Guth’s theories on cosmic inflation were initially presented in a conference at the Stanford Linear Accelerator Center in early 1980, and he went from being concerned about his career prospects to being inundated with offers almost immediately. In 1980, he returned to MIT and was promoted to professor of physics in 1986.
However, for a long time, Einstein couldn’t figure out how to stop inflation (so that stars and galaxies might form), an issue known as the “graceful exit” dilemma, and he regarded his own theory a failure as a result. However, after reading a paper by Russian physicist Andrei Linde (who had been working on the problem independently) and other work by Paul Steinhardt (who had also been working on the graceful exit problem) in late 1981, he began exchanging papers with these other theorists, assisting each other in the development of inflation theory, and there have been many other refinements and revisions since Guth’s original model.

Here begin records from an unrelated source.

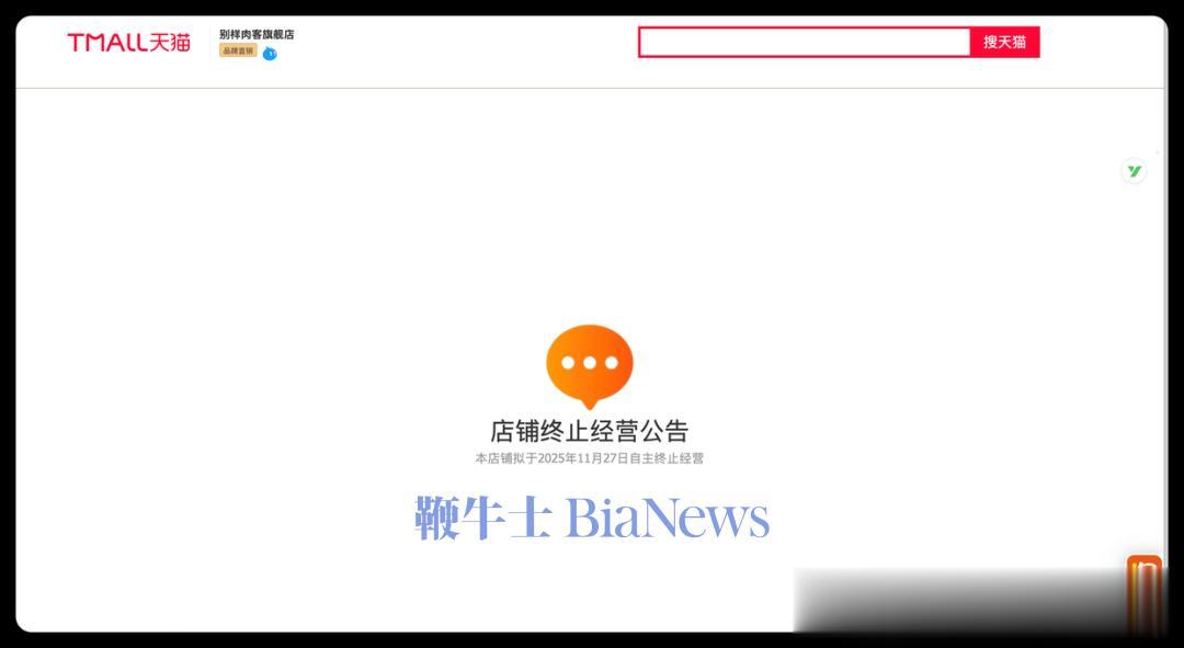 近日,美国人造肉品牌“别样肉客(BeyondMeat)”驻天猫官方旗舰店发布公告,宣布于11月27日自主终止经营。
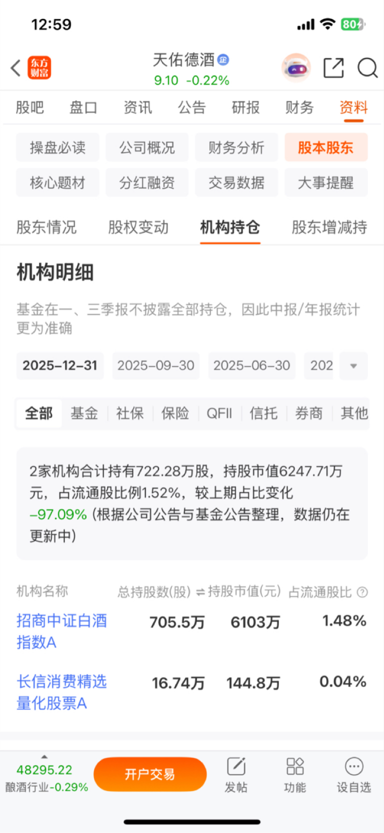 $天佑德酒(SZ002646)$ 招商中证应该减持完成,剩下个量化的搅局,这点持股数不够一个波动的,大概率应该都是韭菜互相拉扯
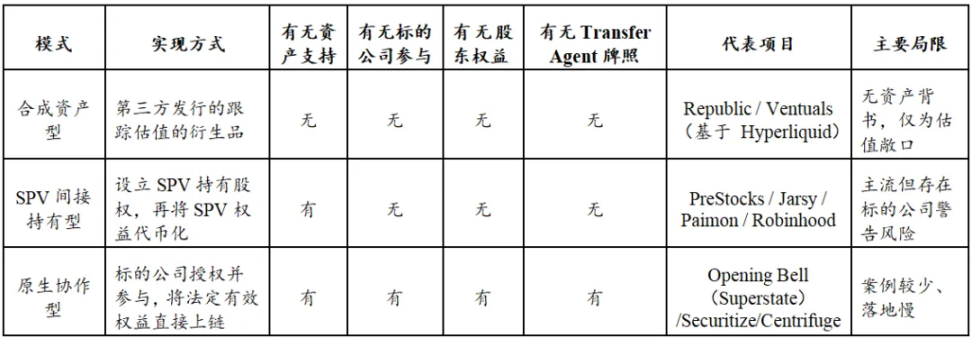 (1)合成资产型(衍生品):作为“流量入口”,利用高杠杆与低门槛优势捕捉投机性需求,完成早期的用户教育与流动性引入,但并不承载真实股权的资产化职能。
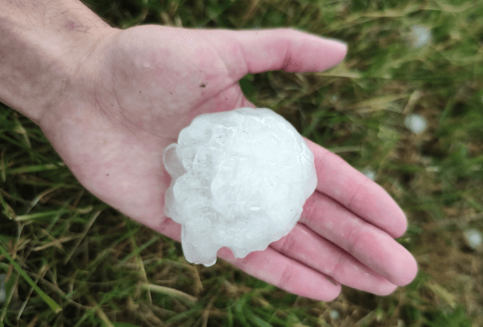 Grêlons de 8 à 10 cm de diamètre à Neulise dans la Loire (42) ce mardi 11 juillet 2023 - photo Lony Jouin
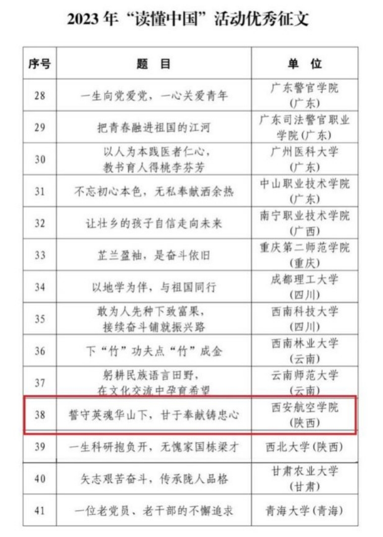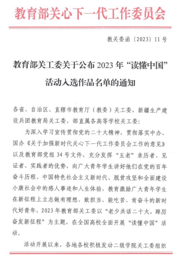 近日,教育部关工委2023年开展的“老少共话二十大,踔厉奋发新征程”为主题的“读懂中国”活动评选结果已公布。十大买球官方网站2022级学员张家祥的征文《誓守英魂华山下,甘于奉献铸忠心》获教育部关工委2023年“读懂中国”活动优秀征文。本次选送的征文为学院师生深入挖掘记录“全国模范退役军人”张顺京在党的百年奋斗历程中的感人事迹和人生体验。
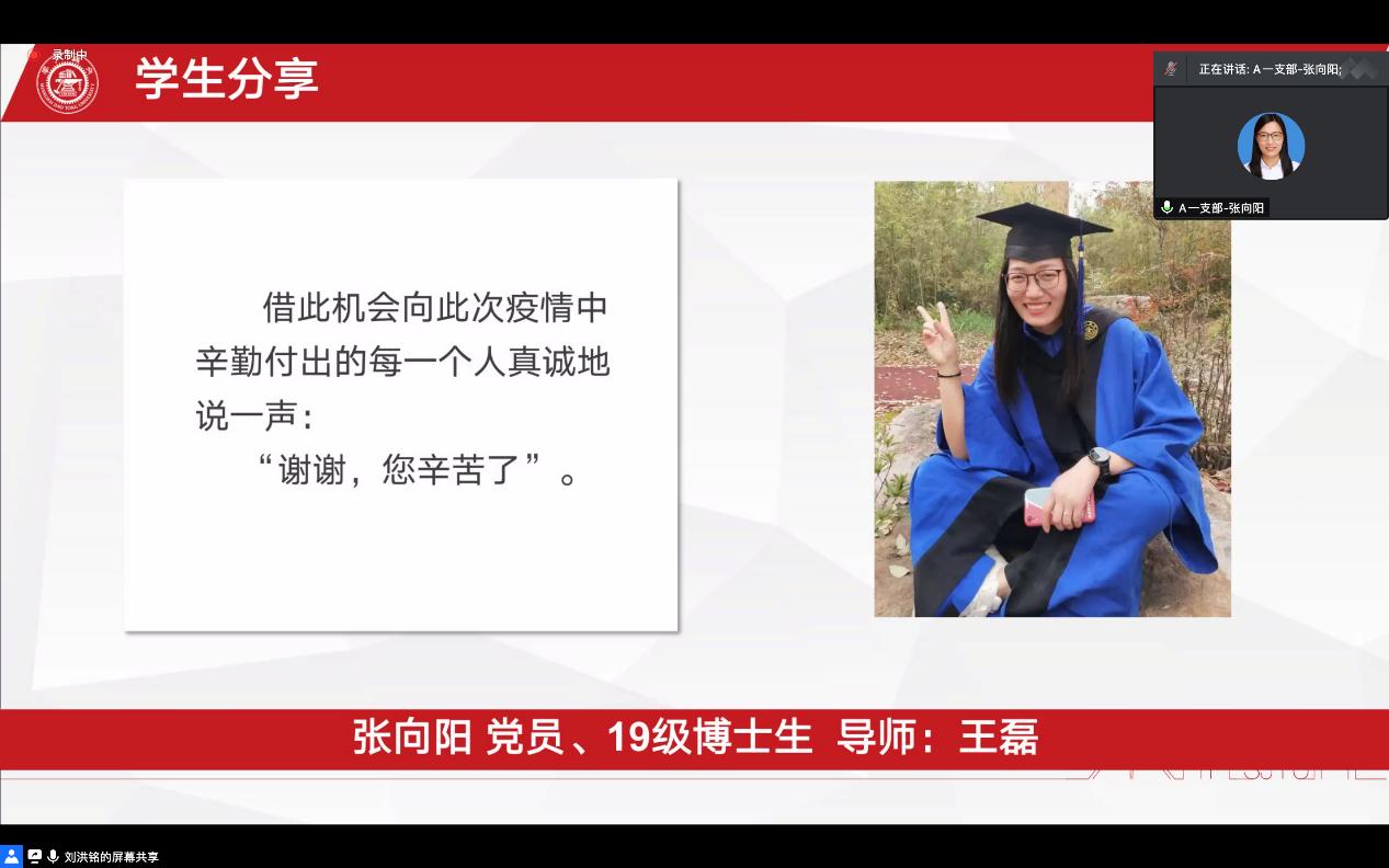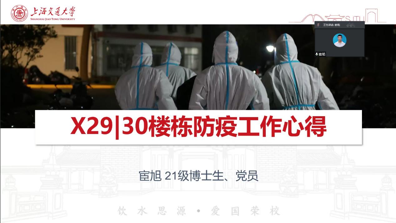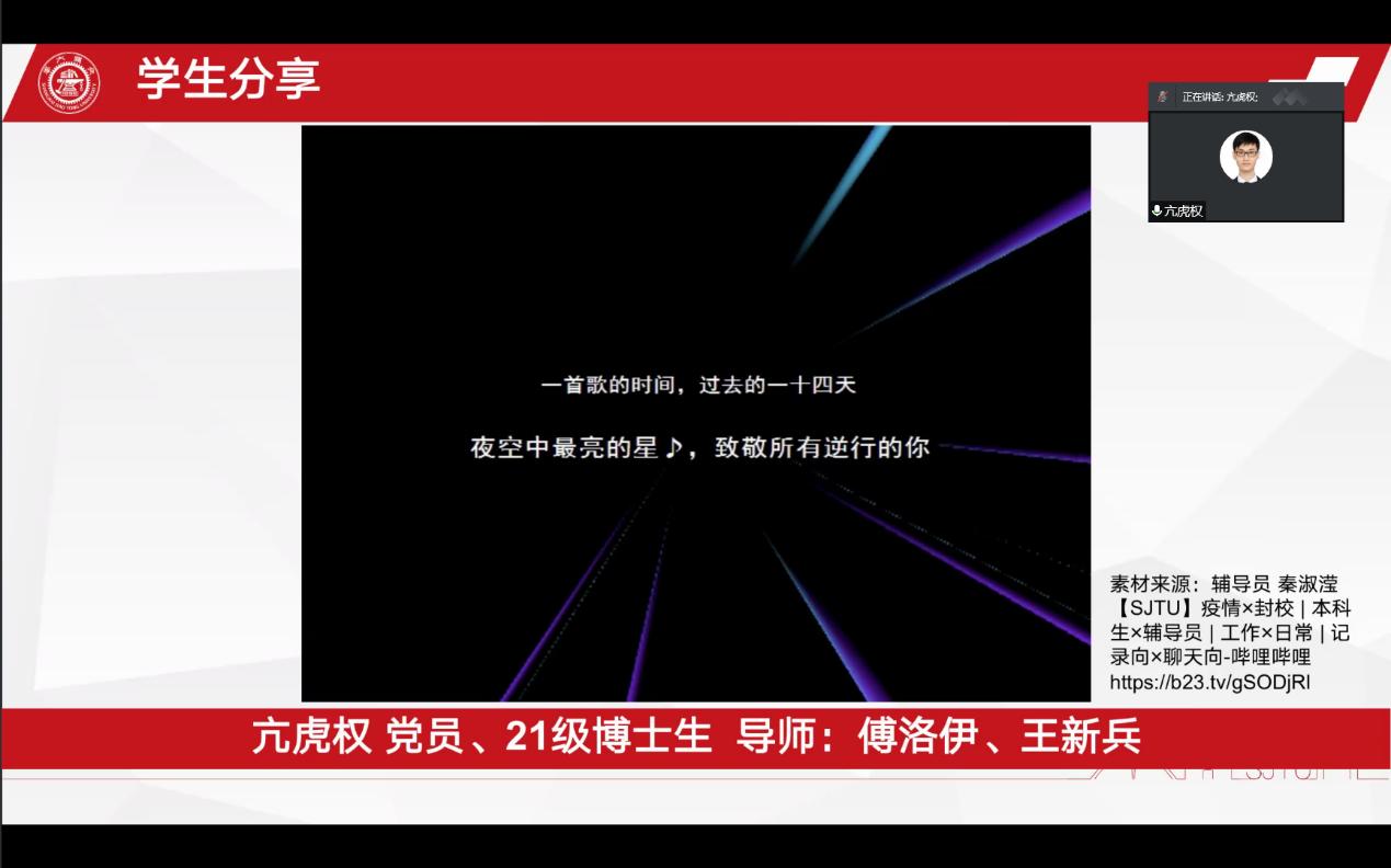 涂仕奎副教授作为校外教师,从多个角度和大家分享了上海疫情防控的所见所感,展示出政府、基层、学校和导师等在战疫过程中的细致、周到和关怀。最后,涂教授呼吁大家坚定信念,相信党和国家,相信上海,相信交大,同时也相信自己,经过此次的历练会变得更加强大和坚韧。
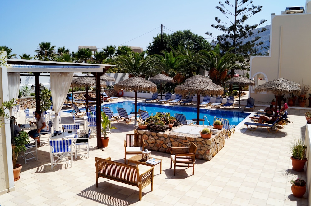 Abbiamo soggiornato in questa struttura solamente due giorni in quanto eravamo di passaggio a Santorini. L’hotel è veramente bello, la zona della piscina è bellissima e molto curata. A noi è stato assegnato un appuntamento e seppur l’arredo fosse un po’ datato, era pulito e spazioso. Colazione buona e dobbiamo dire che la proprietaria è stata davvero molto gentile e accogliente.
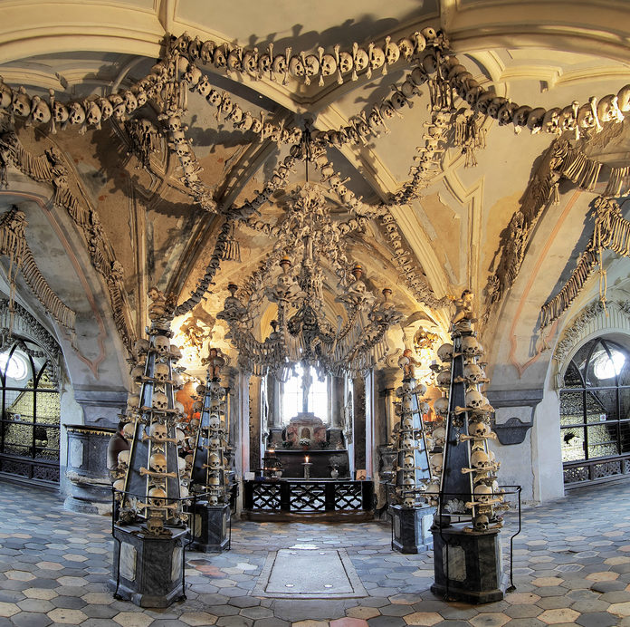 Interior of the Sedlec ossuary (Kostnice) decorated with skulls and bones, Kutna Hora, Czech Republic
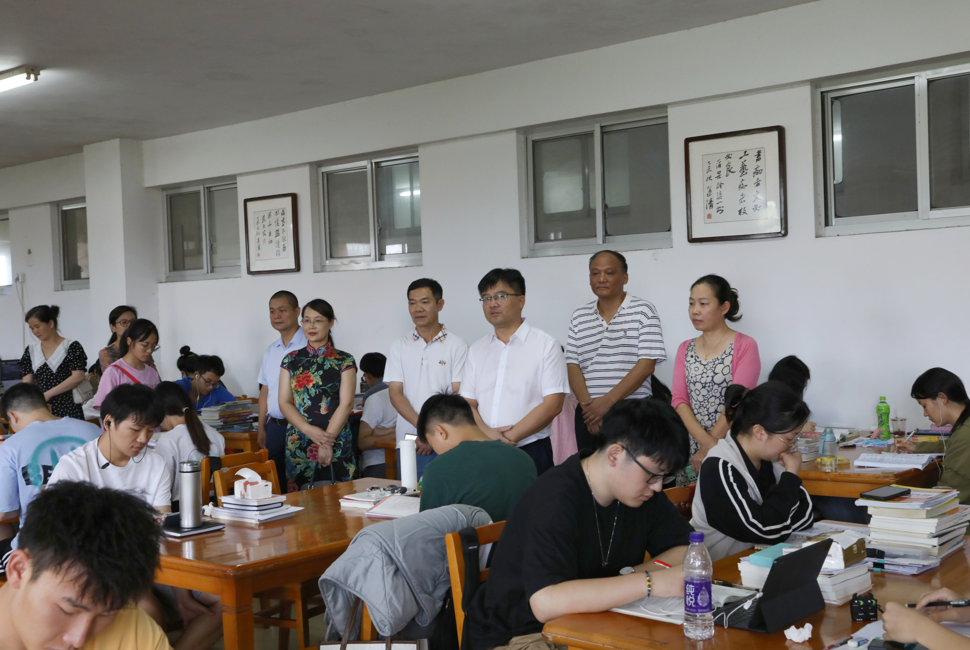 本网讯(记者 何宁馨)7月21日,正值夏季高温,校长李钢,副校长吴小林、郑银芳先后到招生录取室、图书馆、医务室、校门口、学生公寓、学生食堂等地,检查指导暑期学校各项工作并看望慰问坚守在岗的一线教职员工。
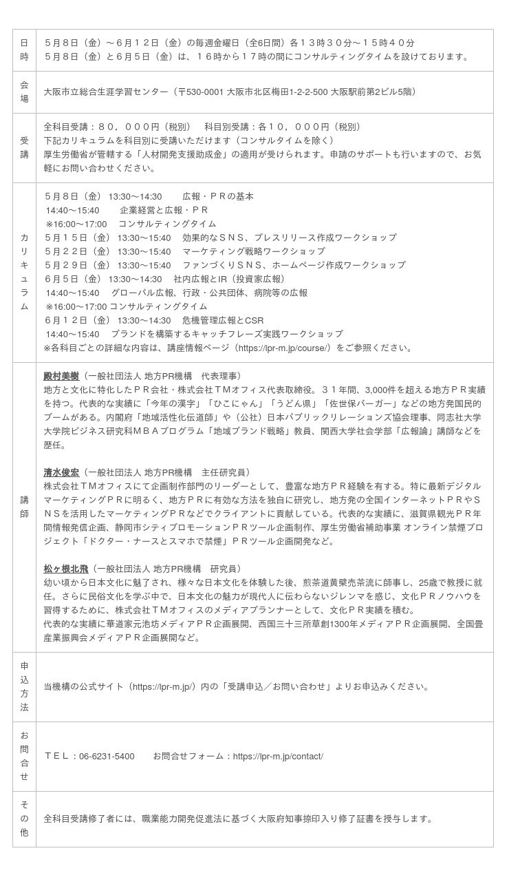 地方のPR力向上への寄与を目指す一般社団法人 地方PR機構(本部:大阪市中央区/代表理事:殿村美樹)は、5月8日(金)から、『広報PR基礎講座』(第4期)を、大阪市立総合生涯学習センターにて開講いたします。
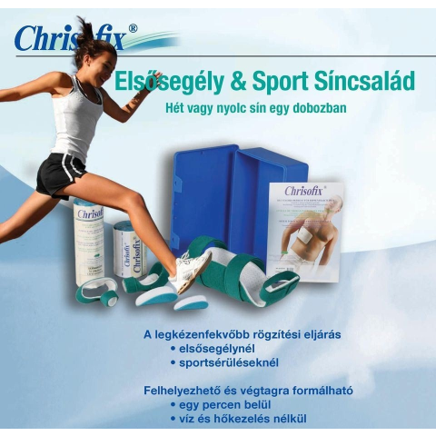 Chrisofix Felnőtt elsősegély doboz (borda sínnel) Chrisofix elsősegély doboz borda sínnel felnőtt Elsősegélyre és sportsérülésekre. A doboz tartalma: -Ujjsín csomag (1 db S + 1 db L) -Rövid ujjtő sín -Hüvelykujj sín -Voláris csuklósín -Feltekerhető
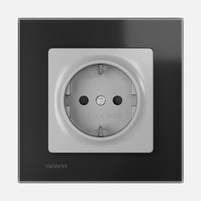 Conj. Toma schuko 2P + T emborne rápido sin garras, Negro / Aluminio Metalizado, serie Miro Cristal
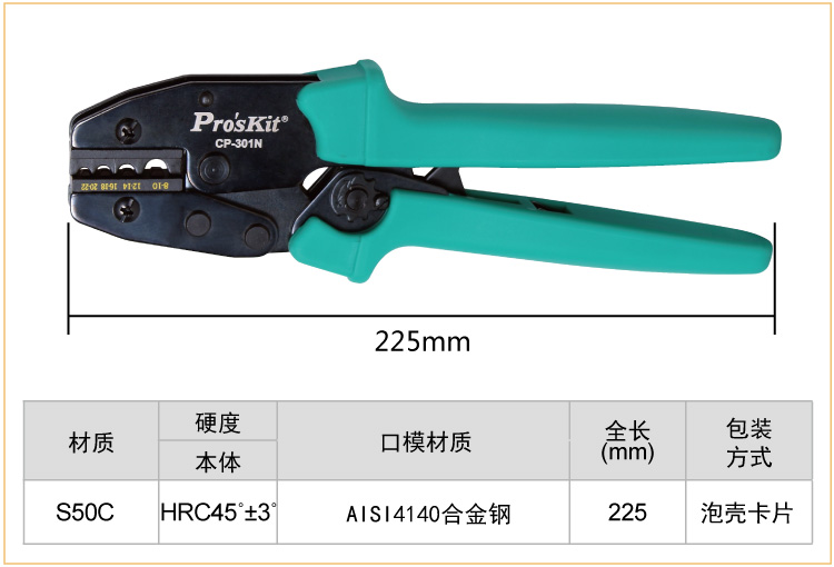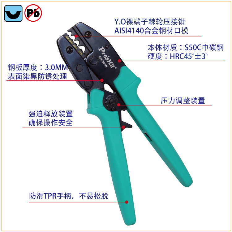 宝工 CP-301N Y.O裸端子棘轮压线钳 冷压接钳 端子钳 进口
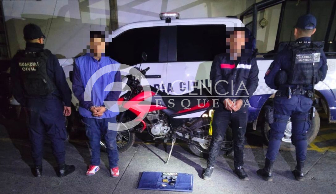 Uruapan, Michoacán, 13 de octubre del 2025.-Dos presuntos matones a sueldo fueron detenidos por elementos de la Guardia Civil del Estado, cuando circulaban a bordo de una motocicleta por las calles de la colonia Ejército Mexicano.
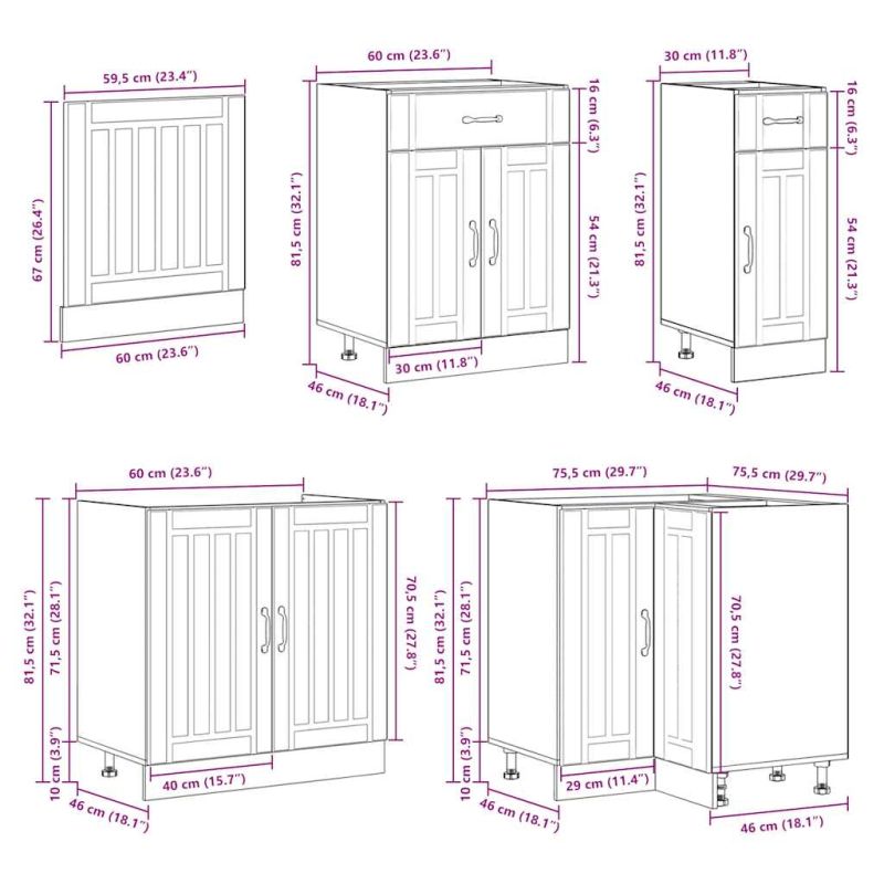 Този комплект кухненски шкафове от 11 части с елегантния си дизайн оптимизира кухненското ви пространство и осигурява достатъчно място за съхранение на вещите ви! Стабилен и издръжлив материал: Инженерната дървесина е издръжлив и стабилен материал с гладка повърхност, която е устойчива на влага, изкривяване и разцепване, което я прави надежден избор за различни проекти.Голямо пространство за съхранение: Комплектът кухненски шкафове има много отделения и предлага достатъчно място за съхранение на купи, чинии, тенджери и други кухненски уреди.Регулируеми крачета: Долните шкафове са снабдени с регулируеми крачета, чиято височина може да се регулира според разположението на кухнята.Лесна поддръжка: Благодарение на гладката си повърхност тези кухненски шкафове се почистват лесно с влажна кърпа и изискват по-малко поддръжка. Внимание:За да предотвратите преобръщане, този продукт трябва да се използва с предоставеното устройство за закрепване на стена. Добре е да се знае:Винт(ове) и щепсел(и) за вътрешността на стената не са включени. Търсете и използвайте винт(ове) и дюбел(и), подходящи за вашите стени. Ако не сте сигурни, потърсете професионална помощ. Прочетете и следвайте внимателно всяка стъпка от инструкциите.Работният плот, мивката и смесителят не са включени в доставката.

Guth has lately revealed his conviction that our universe is merely one of several multiverse worlds that came into being among many others. This theory claims that cosmic inflation never stops, but rather continues to grow at an exponential rate, with new universes constantly being formed as “bubbles” within the inflation process (similar to Fred Hoyle’s discredited steady-state theory). He believes that quantum fluctuations from nothingness generated the entire cosmos (which he claims is completely consistent with the Law of Conservation of Energy because the overall energy value remains zero), and has been cited as saying that “the universe is the greatest free lunch.”
Guth continues to lecture at MIT and has published over 60 technical publications on the effects of cosmic inflation and its links with particle physics. He has received numerous accolades and decorations, including the Eddington Medal and the Medal of the International Center for Theoretical Physics. The Inflationary Universe: The Quest for a New Theory of Cosmic Origins, published in 1998, became a best-seller.
What exactly does Alan Guth research?
Alan Guth, an MIT professor, explores the origins of the universe. He studies inflation, including the prospect of igniting inflation in a hypothetical laboratory to create a new universe and if inflation is everlasting that is, whether it occurs everywhere in the universe at the same time.
Is the speed of light faster than inflation?
Cosmic inflation is a faster-than-light expansion of the universe that gave birth to a slew of new universes.
Inflation was created to explain a few aspects of the universe that would be difficult to explain otherwise. The first is that matter, according to Einstein’s general theory of relativity, bends space and time, so you’d expect a universe like ours, which has mass, to be overall curved in some way, either inward like a ball (“positive”) or outward like a saddle (“negative”).
In fact, it’s almost completely flat. Furthermore, even sections of it far apart in various directions as seen from Earth have nearly the same temperature, despite the fact that in an expanding cosmos, there wouldn’t have been enough time for heat to move between them to smooth things out. That appears to be a direct challenge to the rules of thermodynamics.
Cosmic inflation solves all of these issues at once. The universe grew faster than light in its early moments (light’s speed restriction only applies to things within the cosmos). That smoothed out the wrinkles in its early chaotic state and ensured that even now, far-flung areas could exchange heat because they were formerly in close proximity.